Abstract
The development of new antitubercular agents for the treatment of infections caused by multidrug-resistant (MDR) Mycobacterium tuberculosis is an urgent priority. Pyrrolobenzodiazepines (PBDs) are a promising class of antibacterial agents that were initially discovered and isolated from a range of Streptomyces species. Recently, C8-linked PBD monomers have been shown to work by inhibiting DNA gyrase and have demonstrated activity against M. tuberculosis. However, both PBD monomers and dimers are toxic to eukaryotic cells, limiting their development as antibacterial agents. To eliminate the toxicity associated with PBDs and explore the effect of C8-modification with a known antibacterial agent with the same mechanism of action (i.e., ciprofloxacin, a gyrase inhibitor), we synthesized a C8-linked PBD-ciprofloxacin (PBD-CIP, 3) hybrid.
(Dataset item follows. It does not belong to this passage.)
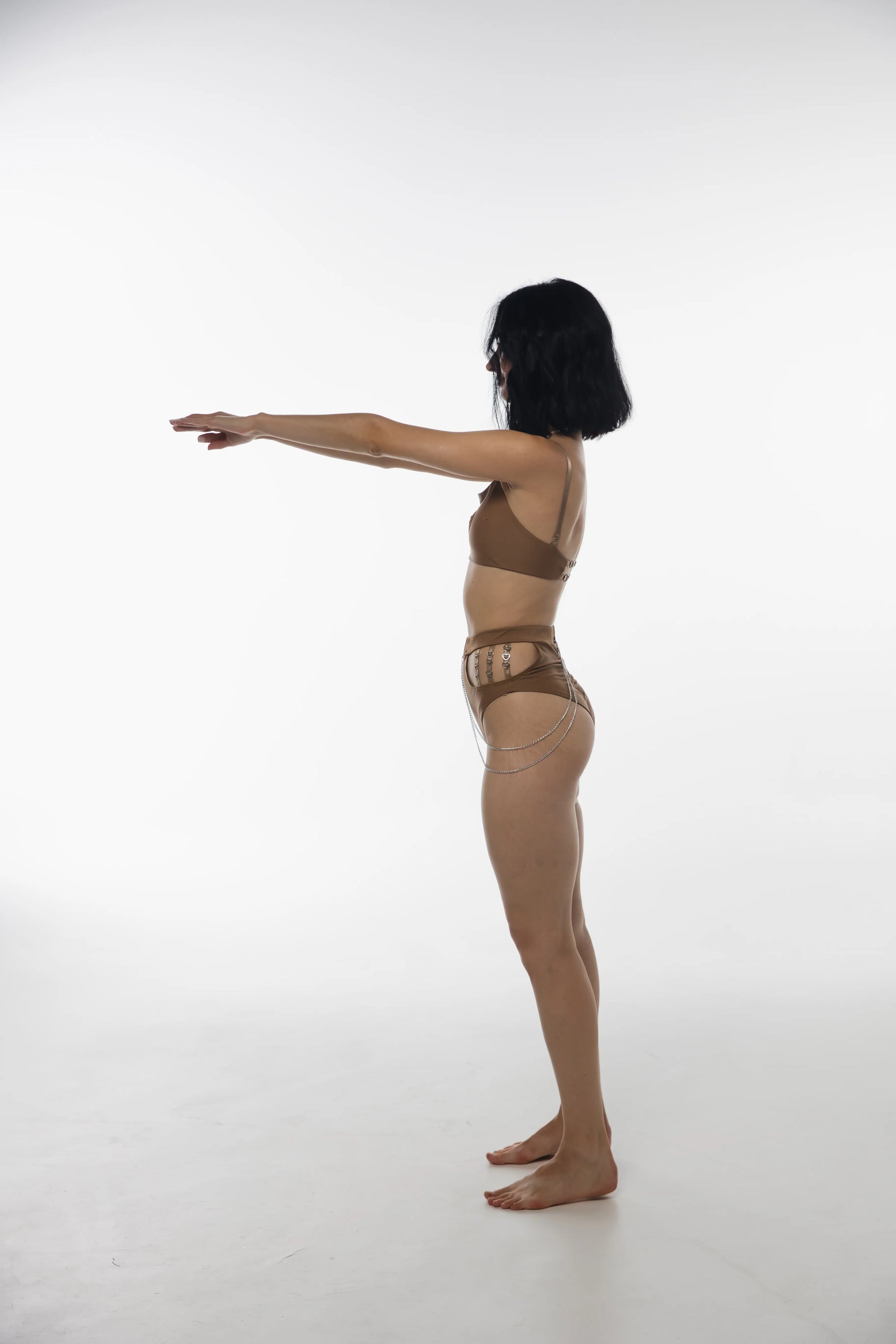 Haut avec découpe poitrine (sans rembourrage), bretelles réglables et finitions en nickel avec anneaux et cœurs.

The hybrid compound displayed minimum inhibitory concentration values of 0.4 or 2.1 μg/mL against drug-sensitive and drug-resistant M. tuberculosis strains, respectively. A molecular modeling study showed good interaction of compound 3 with wild-type M. tuberculosis DNA gyrase, suggesting gyrase inhibition as a possible mechanism of action. Compound 3 is a nontoxic combination hybrid that can be utilized as a new scaffold and further optimized to develop new antitubercular agents.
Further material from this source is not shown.